ABOUT THIS TASK:
Each and every line below goes into your answer unchanged, but leave out the images.

(Entries taken from a collection)
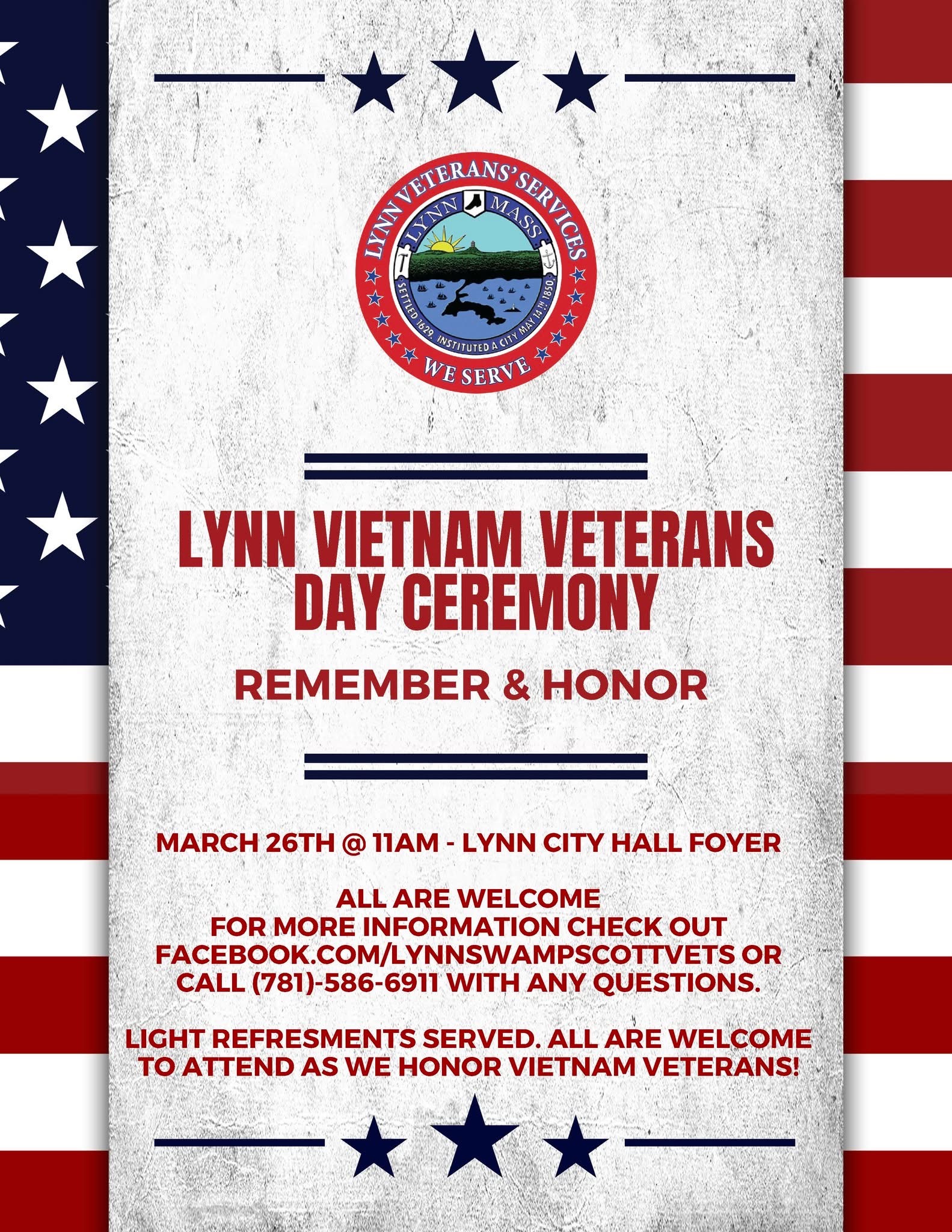 From Lynn-Swampscott Veterans’ Services Department: The City of Lynn will hold its Vietnam Veterans Day Ceremony on Thursday, March 26th at 11:00 AM in the Lynn City Hall foyer. All are welcome!
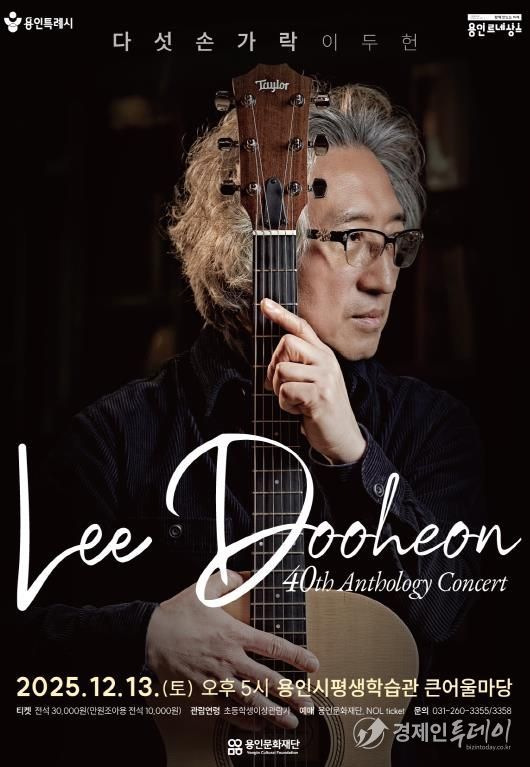 경제인투데이 류현민 기자 | (재)용인문화재단은 오는 12월 13일 오후 5시, 용인시평생학습관 큰어울마당에서 ‘다섯손가락 이두헌 40th Anthology Concert’를 개최한다.
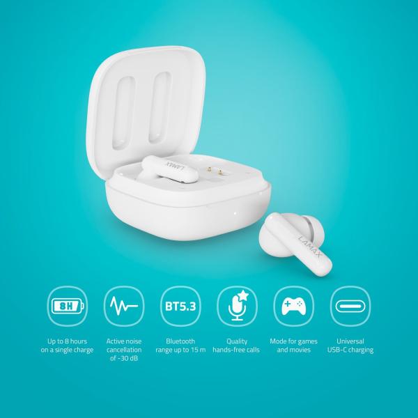 True Wireless fejhallgató LAMAX NeoPods1 ANC, Aktív Zajszűrés (ANC) -30 dB-ig, Átlátszó mód (pass-through), 8 óra akkumulátor-élettartam és összesen 42 óra hallgatási idő, a legújabb Bluetooth 5.3, játék- és filmmód alacsony késleltetéssel, kompakt mikrofon, LAMAX BeatBass® technológia, iOS-támogatás és pasztázás
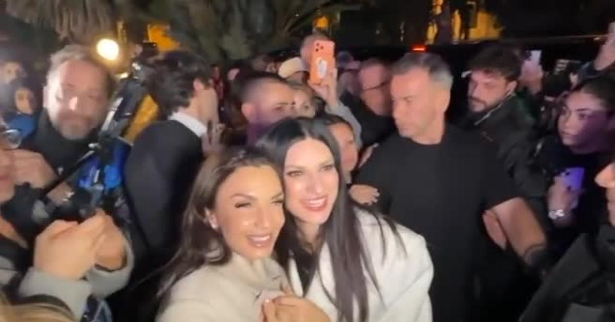 Le due si sono incontrate a metà della passerella e si sono concesse al pubblico che gridava "siete bellissime", salutandosi e facendosi fare foto insieme.
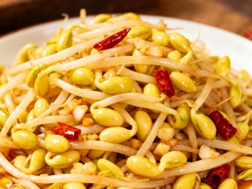 质朴中式风格,实景拍摄花生与豌豆,自然光线营造温馨氛围。
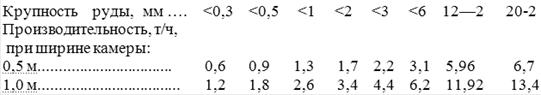Производительность отсадочных машин, вычисляемая по формуле (14), в зависимости от крупности обогащаемого рудного материала и ширины камеры равна:

EXPECTED ANSWER:
 From Lynn-Swampscott Veterans’ Services Department: The City of Lynn will hold its Vietnam Veterans Day Ceremony on Thursday, March 26th at 11:00 AM in the Lynn City Hall foyer. All are welcome!
 경제인투데이 류현민 기자 | (재)용인문화재단은 오는 12월 13일 오후 5시, 용인시평생학습관 큰어울마당에서 ‘다섯손가락 이두헌 40th Anthology Concert’를 개최한다.
 True Wireless fejhallgató LAMAX NeoPods1 ANC, Aktív Zajszűrés (ANC) -30 dB-ig, Átlátszó mód (pass-through), 8 óra akkumulátor-élettartam és összesen 42 óra hallgatási idő, a legújabb Bluetooth 5.3, játék- és filmmód alacsony késleltetéssel, kompakt mikrofon, LAMAX BeatBass® technológia, iOS-támogatás és pasztázás
 Le due si sono incontrate a metà della passerella e si sono concesse al pubblico che gridava "siete bellissime", salutandosi e facendosi fare foto insieme.
 质朴中式风格,实景拍摄花生与豌豆,自然光线营造温馨氛围。
Производительность отсадочных машин, вычисляемая по формуле (14), в зависимости от крупности обогащаемого рудного материала и ширины камеры равна:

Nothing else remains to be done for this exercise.